Here’s the classic pickle recipe we’ve been using for years, and we know better than to mess with success.  But, given the many pickle recipes that have surfaced in recent months, we want to issue a friendly reminder that the BEST pickles are fermented pickles.  The lacto-fermentation process, so wonderfully described by fermenting guru Sandor Katz in his books Wild Fermentation and the Art of Fermentation, is where the magic happens.  (Talk about inspiring!  When explaining that sometimes our fermentation efforts, like other life endeavors, do not go as planned, he writes:  “Our perfection lies in our imperfection.”.)

Pickles Fermenting Scummy Bubbles

Scummy bubbles mean ferment success

Yes, fermented pickles are really delicious, but they are also loaded with living microorganisms that convert sugars into lactic acid that preserve food and boost their benefits.  Fermented foods are easier to digest,  are loaded with enzymes that help make nutrients more bio-available, and help support the beneficial bacteria in our digestive tracts.  As we repeatedly note, our bodies are mostly microorganisms so for maximum health, we do best by incorporating as many beneficial organisms into our diets as possible.

 The opposite of living pickles are those made with vinegar.  Some go even further and require cooking too – so there’s pretty much no chance any actual fermenting is going to happen.  Of course, if you really like vinegar pickles, no worries.  Eat and enjoy as we all need an indulgence sometime and eating for the deliciousness of it is fine by us.  Who are we to criticize, anyway, we who definitely eat dead food like potato chips?!

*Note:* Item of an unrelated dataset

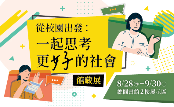 總圖書館2樓展示區,現正展出「從校園出發:一起思考更好的社會」館藏展,展期自2025年8月28日至9月30日止。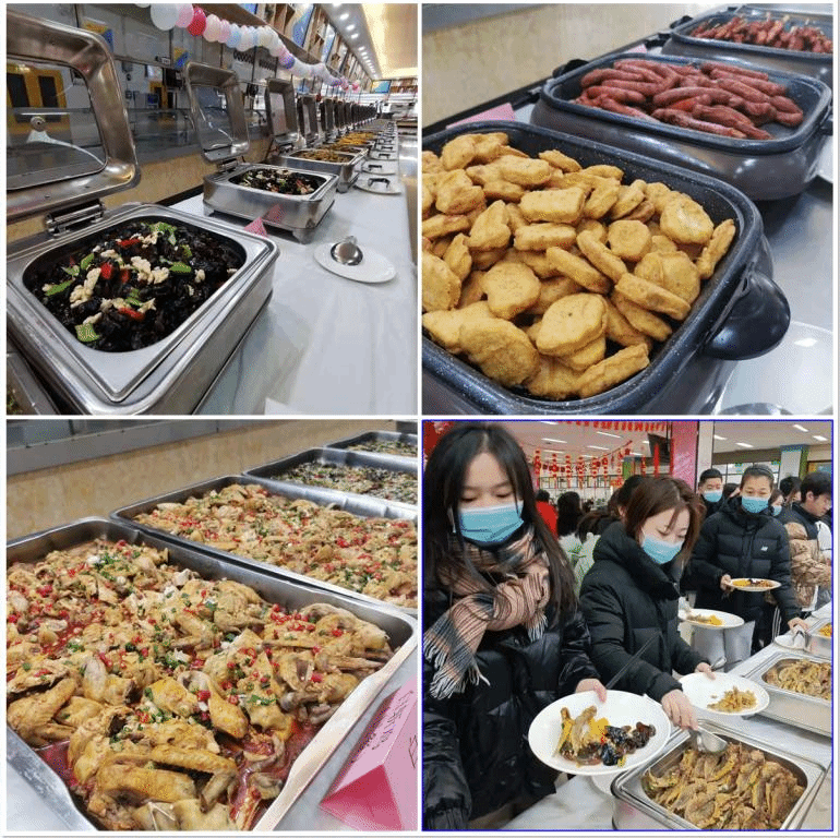 你方唱罢我登场,师生联欢过大年。在紧张热闹的包饺子体验结束后,大家在等待饺子煮熟的间隙开展了一场文艺表演活动。各学院学生积极参与,英语师范学院的同学们为大家带来的汉服展示《古韵中国年》充分展示了中国传统服饰之美;新闻与传播学院学生带来的原创古体文朗诵《长安贺岁序》惊艳四座,展示了古典文学之美;欧洲学院同学们带来的多语朗诵《四季》展示了多文化交流融通之美……在节目表演之余,老师与同学们也进行了“虎视眈眈”“异曲同工”等一系列有趣的互动游戏,尤其是校领导组队和同学们组队进行的成语接龙活动更是将活动推向高潮。伴随着同学们的节目表演,师生联欢互动,整个食堂一楼欢声笑语,掌声不断,“年”味十足!活动之后,校领导为留校师生、一线工作人员送上热气腾腾的饺子和美味佳肴,整场联欢会在全体校领导与演职人员、志愿者的合影中圆满结束。同学们纷纷表示,学校让自己在回不去家的情况下,度过了一个祥和温暖、丰富多彩的除夕,使自己感受到了家一般的温暖。

Pickles Cartoon - Cooked Through

Not Much Survives Vinegar and Cooking

But, if you’re just a hapless newbie looking to put up some pickles in the season of abundance, we say go for life and make yourself some living pickles.  Recipe here:

Start of PicklingHere’s a few additional tips for pickle success:

Use the freshest cucumbers you can find.

Soak your cucumbers in ice cold water at least an hour before you make them.  It will help firm up cucumbers no matter what their stage.

Add some grape or oak leaves (cherry is supposedly also good but we’ve never tried).

Check your pickles daily and place in jars when the smaller ones are at the stage you like since the larger ones will continue to ferment, even in the refrigerator.

Don’t be scared by pickle scum – that means the lacto-fermentation is working.  Just skim it off daily and enjoy!